The international banking dynasty of Baron Rothschild of Paris was behind New Court. Lea’s firm, an offshoot of Amsterdam Overseas Corporation, had been formed in 1967 principally to handle the Rothschild family’s American investments. With the baron’s approval, Lea was looking to risk part of the $100 million he managed in a promising venture.23
Lea was initially skeptical and declined to invest in the fledgling operation but later changed his mind when Colonel Henry Crown, head of General Dynamics got involved. Colonel Crown was keen on FedEx’s business model and was willing to use General Dynamics to loan the company a little over $30 million. Colonel Crown also helped convince Prudential insurance to chip in $5 million of their own money.

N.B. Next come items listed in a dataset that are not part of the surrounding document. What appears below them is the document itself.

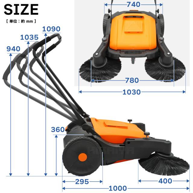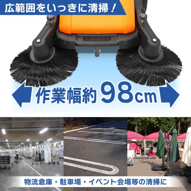 掃除スイーパー 45L 手押し式 大型 大容量 広範囲 作業幅980mm 屋外 屋内 電源不要 手動掃除機 業務用 KIKAIYA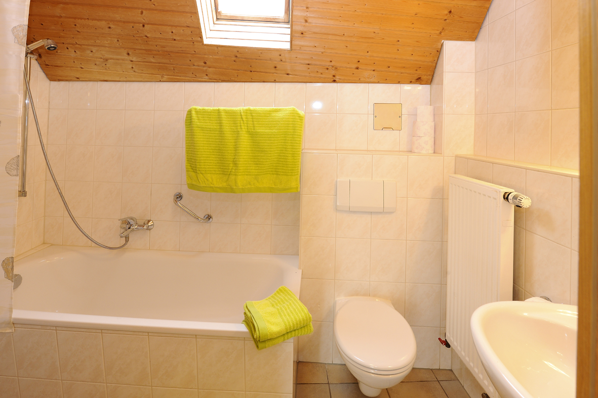 Wannenbad, WC, Föhn, Handtücher, Waschmaschine
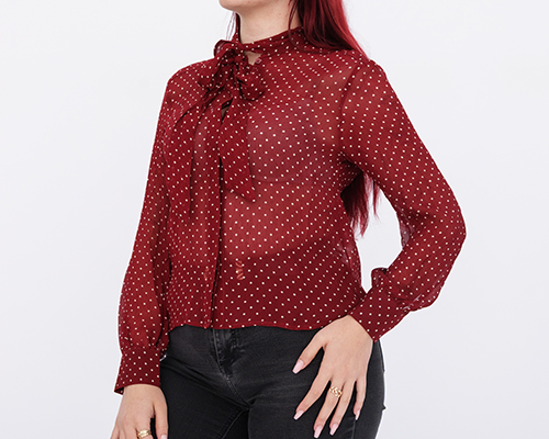 Dámská průsvitná košile s mašlí pod krkem

Despite the new investments and attention, FedEx still struggled to pay its bills. The company fell behind on payments for rent, fuel, and couriers. The situation reached a boiling point when an unpaid courier held a station manager at gunpoint, demanding payment. “If I don’t get my money right now, I’m going to blow this sucker’s head off, and shit in the hole!”24 Safe to say, he got paid quickly. Another group of investors convened, this time including Allstate Insurance, the First National Bank of Chicago (led by A. Robert Abboud), and Chase Manhattan. This deal almost fell apart because of the October 1973 oil crisis but was salvaged by Abboud. This rollercoaster of fortune turned out to be too much for Colonel Crown and General Dynamics and they decided to pull out completely in the first quarter of 1974.25 Under pressure from investors (primarily Charles Lea), Smith was replaced as CEO by General Howell “Howling” Estes Jr., the Air Force’s youngest four-star general, although Smith retained his position of president of the company. This hire was more for show than anything. Even Charles Lea referred to Estes as a “store-front dummy” for the purpose of courting more investors.26 The company kept growing, although never quite becoming profitable, yet some felt they were getting close. Art Bass ended up flying to France to make a direct appeal to Baron Rothschild, who conceded $9 million more after some convincing.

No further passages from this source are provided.